The optical flow method has the characteristics of feature point tracking. This method is superior to other feature point matching methods in that it can reduce calculation somewhat, so there is a visual odometry system called flowdometry, it is proposed on the basis of the optical flow and deep learning [46]. Optical flow images are used as input to a convolutional neural network, which calculates a rotation and displacement for each image pixel. The displacements and rotations are applied incrementally to construct a map of where the camera has traveled.
The most useful feature-based VO method in the existing research is ORB-SLAM2 [16], which presents a more complete VO framework. This method includes tracking, mapping and loop detection of three threads. Among these methods, the tracking thread is mainly responsible for extracting the ORB [42] feature points for a new frame image and roughly estimating the pose of the camera. The mapping thread is mainly based on bundle adjustment to optimize the feature points and camera pose in the local space so that the space position of the feature points with smaller errors is solved. The loop detection thread is responsible for the realization of loop detection based on the key frame, which can effectively eliminate the accumulative error and can also carry out global reposition. Besides, this scheme is also compatible with monocular, binocular and RGB-D cameras.
For initialization, [16] proposes an strategy for automatic initialization map and calculates the homography matrix (i.e., assuming a planar scene) [31] and essential matrix (i.e., assuming non-planar scene) [32]. According to the heuristic rule, the corresponding situation is determined to initialize the pose. This is also a remarkable contribution in document [16]. The computing advantages of ORB-SLAM and PTAM are not only the more efficient ORB features selected but also the matching points that can be observed on the previous frame rather than directly using all map points to match the new frames.

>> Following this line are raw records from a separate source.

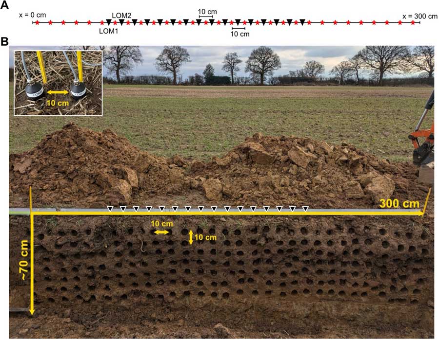 Figure 8 - A Schematics of experimental set-up. In total 16 instruments were used (black inverted triangles). The red stars show the hammer strike location. B Photograph of the detailed soil sampling which was conducted right beneath the seismic experiments (black inverted triangles with white rim show approximate location of the geophones). Horizontal yellow line measures the extend of the trench (300 cm), vertical yellow line measures the depth of the trench. In total 210 soil samples were taken, with approximately 10 cm spacing between them, and analysed for each experimental treatment. Inlay shows zoom of LOM instruments during experiment. Source: Tsekhmistrenko et al. (2025) - https://iopscience.iop.org/article/10.1088/2515-7620/ae1d27/meta#ercae1d27s4
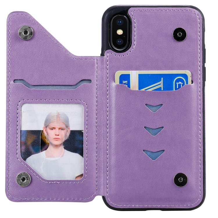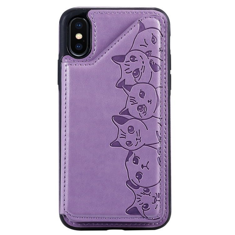 Estuche protector Six Cats para iPhone Xs con patrón de relieve, soporte, ranuras para tarjetas y marco de fotos (Púrpura)
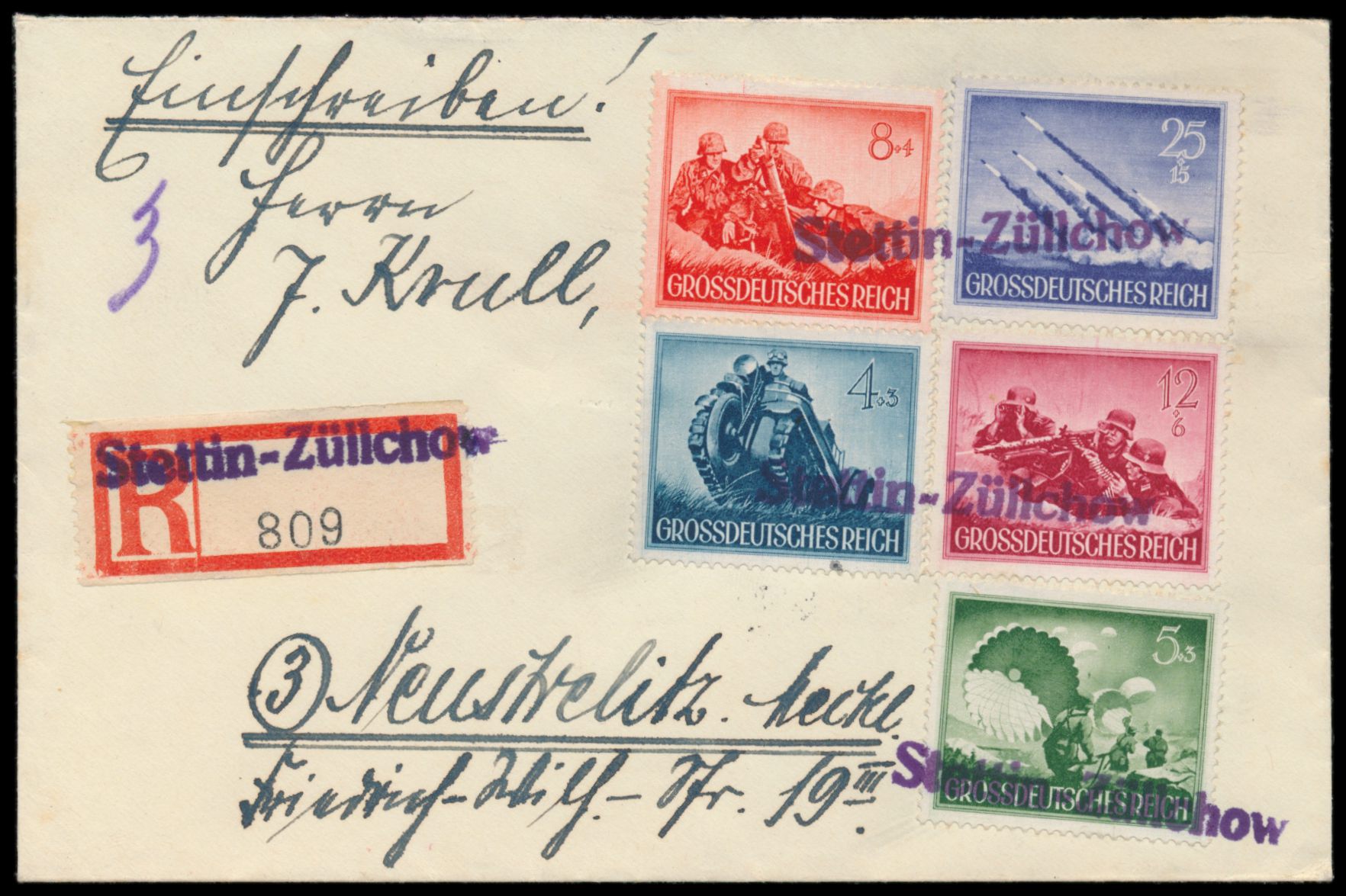 Einschreibbrief mit Sondermarken-Mischfrankatur 54 Pf., entwertet mit violettem Not-L1 Stettin-Züllchow, gleicher Stempel auch auf Blanko-R-Zettel, nach Neustrelitz, Ankunftstempel 1.10.44

4.2 Method based on direct tracking
The direct method of estimating camera motion based on the pixel gray invariance hypothesis has developed rapidly in recent years [20, 28]. The direct method, which is developed from the optical flow [47], can estimate the camera motion and the pixel’s spatial location by minimizing the photometric error (i.e., minimizing the reprojection error of feature points in the feature point method) without extracting the feature or calculating the feature description. This approach can effectively solve the problems faced by the feature point method. In general, the direct method is divided into three categories according to the space point P, the sparse direct method, the semi-dense direct method and the dense direct method.
The early direct VO method was rarely based on the tracking and mapping framework, most of which involved the key points of artificial selection [48,49,50]. Recently, it appears that the direct methods could use directly the image pixel gray information and geometric information to construct the error function through the graph optimization to minimize the cost function, thus obtaining the optimal camera pose. These methods are applied to large-scale map problems with pose graph [28, 51]. To construct a semi-dense 3D environment map, Engel et al. [24] proposed the large-scale direct monocular simultaneous localization and mapping (LSD-SLAM) algorithm to replace the previous direct methods of VO. This method enables high-precision estimation of the camera pose to create a large-scale 3D environment map. Because monocular VO suffers from scale uncertainty and the scale drift problem, the map is directly composed of a key frame direct Sim(3) transformation, which can detect scale drift accurately, and the whole system can run on a CPU in real time. Similar to ORB-SLAM2, LSD-SLAM is also optimized with pose graph, so it can form a closed loop and accommodate large-scale scenarios. The system selects the nearest key frame for each newly added key frame in the existing key frame set (i.e., map).
Direct sparse odometry (DSO) [28] was also proposed by Engel, the inventor of LSD-SLAM. DSO improves the robustness, accuracy, and speed of computation, surpassing previous ORB-SLAM and LSD-SLAM methods. As the new depth estimation mechanism is used to optimize the sliding window instead of the original Kalman filtering method, it provides an improvement in accuracy. In addition, in contrast to LSD-SLAM, DTAM [20] provides a direct method to calculate a real-time dense map based on a monocular camera. The pose estimation of the camera uses a depth map to directly match the whole image. However, computing dense depths from a monocular vision requires substantial computing power, typically using GPU parallel operations, such as open-source REMODE [52, 53].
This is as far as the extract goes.